## TASK PROMPT
The reply should contain every line of the data, repeated exactly, and no pictures.

(Saved entries)

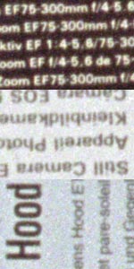 The crops above show on the left a sample of white card from the centre of the image (the Canon EF 28-70mm box) together with on the right a sample from the corner (the EF 70-200mm box). The tone of the cardboard is the same in real life, and accordingly any difference in representation on the negative will relate to light falloff. Based upon the crops above it is apparent that the newer f/4 lens records significantly less light falloff wide open, when compared to the early f/3.5 design. At f/4 the lens performs astoundingly in this respect, with very nearly no light falloff whatsoever. This lens could certainly be used with absolute confidence wide open. |
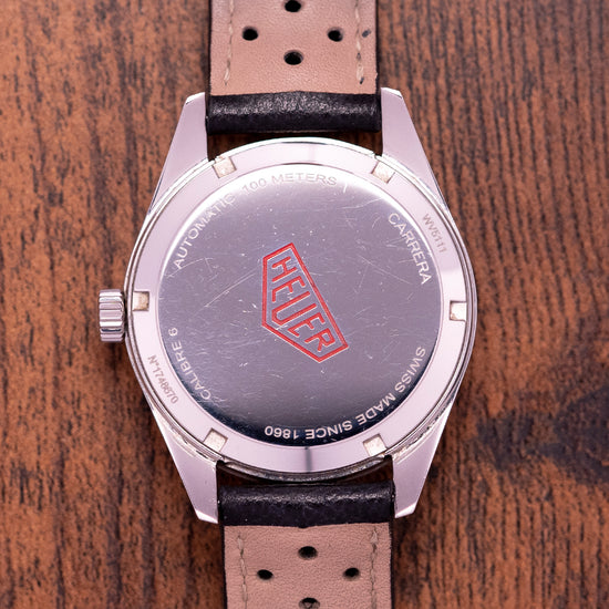 This watch is sold with its original TAG Heuer presentation box, swing tag & papers. The watch comes paired with its original 19mm TAG Heuer leather strap and signed deployment buckle. The watch is from January 2018 and is sold in worn condition, but overall in very fair condition as you can see from the photographs. The watch comes with our 12-Months Warranty.
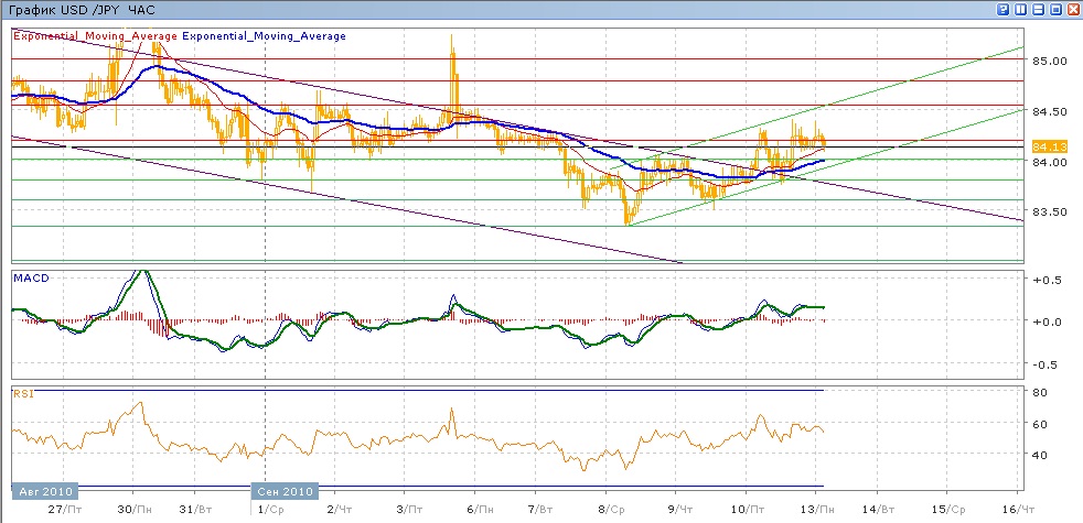С прошлой среды (после очередного минимума) пара постепенно растет, двигаясь в образовавшемся канале. Конец торгов пятницы пара встретила выше отметки 84.00. с начала сегодняшних торгов пара немного снижается, нацелившись, видимо, на отметку 84.00. Средние скользящие ЕМА21 и ЕМА55 направлены вверх, индикаторы MACD и RSI сейчас находятся выше своих центральных линий и снижаются. Цели вверх на сегодня — это рост к отметке 84,20, далее 84.40 (максимум пятницы) и 84.55. Цели вниз — преодоление 84.00, затем 83.80, 83.60, затем движение к минимумау прошлйо среды на 83.33.
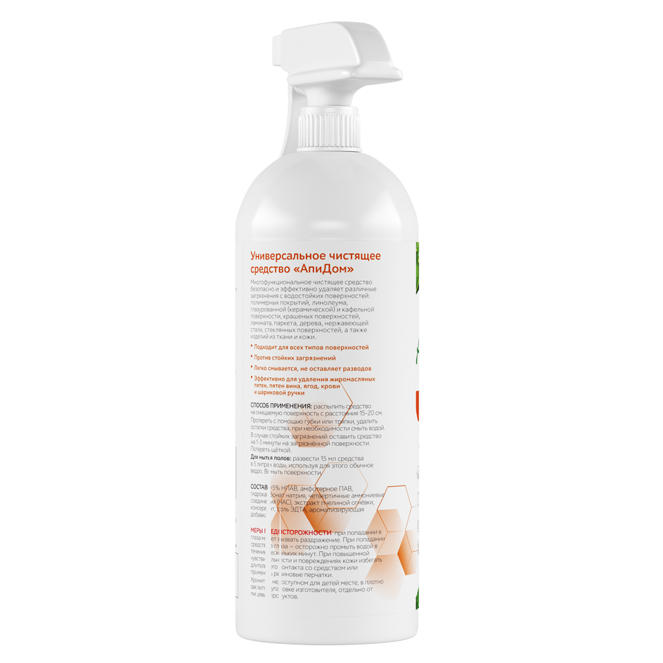 Универсальное чистящее средство "АпиДом" справляется с большинством известных загрязнений, подходит для всех поверхностей в доме, офисе, автомобиле и в местах общего пользования.
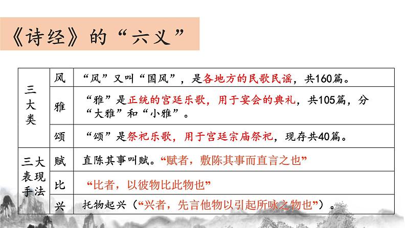 “雅”是正统的宫廷乐歌,用于宴会的典礼,共105篇,分“大雅”和“小雅”。

## SOLUTION TO THIS PROBLEM
 The crops above show on the left a sample of white card from the centre of the image (the Canon EF 28-70mm box) together with on the right a sample from the corner (the EF 70-200mm box). The tone of the cardboard is the same in real life, and accordingly any difference in representation on the negative will relate to light falloff. Based upon the crops above it is apparent that the newer f/4 lens records significantly less light falloff wide open, when compared to the early f/3.5 design. At f/4 the lens performs astoundingly in this respect, with very nearly no light falloff whatsoever. This lens could certainly be used with absolute confidence wide open. |
 This watch is sold with its original TAG Heuer presentation box, swing tag & papers. The watch comes paired with its original 19mm TAG Heuer leather strap and signed deployment buckle. The watch is from January 2018 and is sold in worn condition, but overall in very fair condition as you can see from the photographs. The watch comes with our 12-Months Warranty.
С прошлой среды (после очередного минимума) пара постепенно растет, двигаясь в образовавшемся канале. Конец торгов пятницы пара встретила выше отметки 84.00. с начала сегодняшних торгов пара немного снижается, нацелившись, видимо, на отметку 84.00. Средние скользящие ЕМА21 и ЕМА55 направлены вверх, индикаторы MACD и RSI сейчас находятся выше своих центральных линий и снижаются. Цели вверх на сегодня — это рост к отметке 84,20, далее 84.40 (максимум пятницы) и 84.55. Цели вниз — преодоление 84.00, затем 83.80, 83.60, затем движение к минимумау прошлйо среды на 83.33.
 Универсальное чистящее средство "АпиДом" справляется с большинством известных загрязнений, подходит для всех поверхностей в доме, офисе, автомобиле и в местах общего пользования.
 “雅”是正统的宫廷乐歌,用于宴会的典礼,共105篇,分“大雅”和“小雅”。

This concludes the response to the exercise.